PolyphraZ: a Tool for the Management of Parallel Corpora

The PolyphraZ tool is being developed in the framework of the TraCorpEx project (Translation of Corpora of Examples), to manage parallel multilingual corpora through the web. Corpus files (monolingual or multilingual) are firstly converted to a standard coding (CXM.dtd, UTF8). Then, they are assembled (CPXM.dtd) to visualize them in parallel through the web. In a third stage, they are put in a Multilingual Polyphraz Memory (MPM). A "polyphrase" is a structure containing an original sentence and various proposals of equivalent sentences, in the same and other languages. An MPM stores one or more corpora of polyphrazes.

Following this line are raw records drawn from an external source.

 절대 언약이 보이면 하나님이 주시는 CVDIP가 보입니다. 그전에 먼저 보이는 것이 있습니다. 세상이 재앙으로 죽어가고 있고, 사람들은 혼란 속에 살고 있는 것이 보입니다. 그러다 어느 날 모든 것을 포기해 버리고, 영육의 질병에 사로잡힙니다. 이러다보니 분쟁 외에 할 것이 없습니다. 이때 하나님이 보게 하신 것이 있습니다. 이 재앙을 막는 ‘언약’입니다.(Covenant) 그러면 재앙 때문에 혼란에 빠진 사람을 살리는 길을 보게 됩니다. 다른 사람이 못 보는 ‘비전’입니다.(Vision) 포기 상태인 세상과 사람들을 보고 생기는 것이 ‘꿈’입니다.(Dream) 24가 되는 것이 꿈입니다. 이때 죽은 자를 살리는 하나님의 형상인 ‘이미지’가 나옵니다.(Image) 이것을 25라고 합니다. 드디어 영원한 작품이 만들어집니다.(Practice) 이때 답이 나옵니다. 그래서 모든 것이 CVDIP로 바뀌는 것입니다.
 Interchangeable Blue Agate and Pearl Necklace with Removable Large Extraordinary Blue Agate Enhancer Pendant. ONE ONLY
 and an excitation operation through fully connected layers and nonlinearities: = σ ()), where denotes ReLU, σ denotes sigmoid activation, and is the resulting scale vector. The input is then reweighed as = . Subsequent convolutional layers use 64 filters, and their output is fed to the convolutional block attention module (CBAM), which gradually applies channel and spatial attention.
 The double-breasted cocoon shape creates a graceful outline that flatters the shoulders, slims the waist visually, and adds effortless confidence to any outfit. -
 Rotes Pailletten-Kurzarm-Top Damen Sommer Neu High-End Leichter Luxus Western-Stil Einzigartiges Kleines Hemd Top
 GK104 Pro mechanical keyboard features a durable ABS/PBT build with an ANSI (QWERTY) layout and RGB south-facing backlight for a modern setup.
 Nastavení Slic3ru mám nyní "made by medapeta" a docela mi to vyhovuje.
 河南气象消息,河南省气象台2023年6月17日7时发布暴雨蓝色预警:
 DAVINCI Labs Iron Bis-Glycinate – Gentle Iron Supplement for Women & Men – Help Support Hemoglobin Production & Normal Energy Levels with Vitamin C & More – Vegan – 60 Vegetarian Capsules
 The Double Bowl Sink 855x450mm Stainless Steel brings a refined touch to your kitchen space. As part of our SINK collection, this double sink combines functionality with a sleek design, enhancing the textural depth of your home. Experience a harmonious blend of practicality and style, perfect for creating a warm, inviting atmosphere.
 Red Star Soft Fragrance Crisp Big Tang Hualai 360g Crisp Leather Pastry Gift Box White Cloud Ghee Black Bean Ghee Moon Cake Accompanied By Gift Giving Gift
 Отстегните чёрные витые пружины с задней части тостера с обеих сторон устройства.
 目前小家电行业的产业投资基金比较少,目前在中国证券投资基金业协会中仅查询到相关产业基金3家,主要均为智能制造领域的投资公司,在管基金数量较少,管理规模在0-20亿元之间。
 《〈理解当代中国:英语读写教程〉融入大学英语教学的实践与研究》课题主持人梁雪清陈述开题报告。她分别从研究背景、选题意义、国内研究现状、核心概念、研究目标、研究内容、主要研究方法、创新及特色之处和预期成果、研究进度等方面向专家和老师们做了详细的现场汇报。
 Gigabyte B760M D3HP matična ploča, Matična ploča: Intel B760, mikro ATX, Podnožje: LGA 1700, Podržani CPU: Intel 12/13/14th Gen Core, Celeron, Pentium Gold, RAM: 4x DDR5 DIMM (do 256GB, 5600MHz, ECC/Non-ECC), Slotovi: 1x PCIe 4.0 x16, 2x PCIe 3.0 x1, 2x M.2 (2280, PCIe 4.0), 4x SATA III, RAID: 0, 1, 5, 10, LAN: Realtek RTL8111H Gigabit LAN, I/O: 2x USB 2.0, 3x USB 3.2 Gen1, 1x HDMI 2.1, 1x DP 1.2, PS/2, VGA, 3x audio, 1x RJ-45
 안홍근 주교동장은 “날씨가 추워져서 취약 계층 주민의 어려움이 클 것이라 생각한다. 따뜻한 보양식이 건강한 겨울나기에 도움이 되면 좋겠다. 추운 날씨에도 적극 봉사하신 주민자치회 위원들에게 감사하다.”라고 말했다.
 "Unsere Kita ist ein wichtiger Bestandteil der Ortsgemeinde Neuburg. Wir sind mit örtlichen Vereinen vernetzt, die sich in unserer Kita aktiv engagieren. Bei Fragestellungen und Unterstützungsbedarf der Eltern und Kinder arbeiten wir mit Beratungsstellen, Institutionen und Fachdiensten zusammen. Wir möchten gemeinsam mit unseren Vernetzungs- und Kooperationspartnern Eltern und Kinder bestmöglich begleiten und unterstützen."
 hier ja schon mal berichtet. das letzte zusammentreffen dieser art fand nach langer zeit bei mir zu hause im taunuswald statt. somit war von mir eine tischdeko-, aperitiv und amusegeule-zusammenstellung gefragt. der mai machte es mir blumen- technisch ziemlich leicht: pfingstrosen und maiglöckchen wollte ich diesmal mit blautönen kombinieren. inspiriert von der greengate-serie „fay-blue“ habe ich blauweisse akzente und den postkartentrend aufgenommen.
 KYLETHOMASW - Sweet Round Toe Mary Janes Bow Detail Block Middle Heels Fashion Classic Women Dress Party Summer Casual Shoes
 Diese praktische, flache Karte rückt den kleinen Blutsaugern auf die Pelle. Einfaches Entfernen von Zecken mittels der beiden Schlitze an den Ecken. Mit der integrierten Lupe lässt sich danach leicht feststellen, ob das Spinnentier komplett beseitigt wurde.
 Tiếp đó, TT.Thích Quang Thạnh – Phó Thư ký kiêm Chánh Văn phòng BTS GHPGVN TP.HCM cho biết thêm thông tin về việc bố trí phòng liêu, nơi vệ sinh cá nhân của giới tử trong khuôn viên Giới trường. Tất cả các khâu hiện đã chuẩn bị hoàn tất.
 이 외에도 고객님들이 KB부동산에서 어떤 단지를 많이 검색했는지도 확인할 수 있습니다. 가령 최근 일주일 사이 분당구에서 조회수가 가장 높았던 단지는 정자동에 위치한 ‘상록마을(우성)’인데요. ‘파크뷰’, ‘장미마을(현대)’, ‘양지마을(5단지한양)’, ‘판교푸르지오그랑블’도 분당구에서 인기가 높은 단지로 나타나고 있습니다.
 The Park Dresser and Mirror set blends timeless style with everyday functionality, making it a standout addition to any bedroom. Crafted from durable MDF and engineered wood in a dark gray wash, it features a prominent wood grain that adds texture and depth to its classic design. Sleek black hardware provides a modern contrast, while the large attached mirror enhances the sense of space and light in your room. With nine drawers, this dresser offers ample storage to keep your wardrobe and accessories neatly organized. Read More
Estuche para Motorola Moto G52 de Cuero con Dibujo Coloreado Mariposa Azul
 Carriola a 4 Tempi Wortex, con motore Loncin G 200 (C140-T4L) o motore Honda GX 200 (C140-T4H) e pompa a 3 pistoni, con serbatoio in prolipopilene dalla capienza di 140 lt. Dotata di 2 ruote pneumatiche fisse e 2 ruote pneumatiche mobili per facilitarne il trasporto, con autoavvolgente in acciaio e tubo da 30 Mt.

The MPM part of PolyphraZ has 3 main web interfaces. One is a web-oriented translator workstation (TWS), where suggestions or translations come from the MPM itself, which functions as its own translation memory, and from calls to MT systems. Another serves to send sentences to MT systems with appropriate parameters, and to run various evaluation measures (NIST, BLEU, and distance computations) in order to propose to the translator a "best" proposal. A third interface is planned for giving feedbacks to the developers of the MT systems, in the form of lists of unknown or wrongly translated words, with suggestions for correct translations, and of parallel presentation of pairs of translations showing the "editing work" to be done to get one from the other. The first 2 stages are operational, and used for experimentation and MT evaluation on the CSTAR 5-lingual BTEC corpus and on the Japanese-English Tanaka corpus used as a source of examples in electronic dictionaries (JDict, Papillon). A main goal of this effort is to offer occasional and volunteer translators and posteditors access to a free TWS and to sharable translation memories put in the MPM format.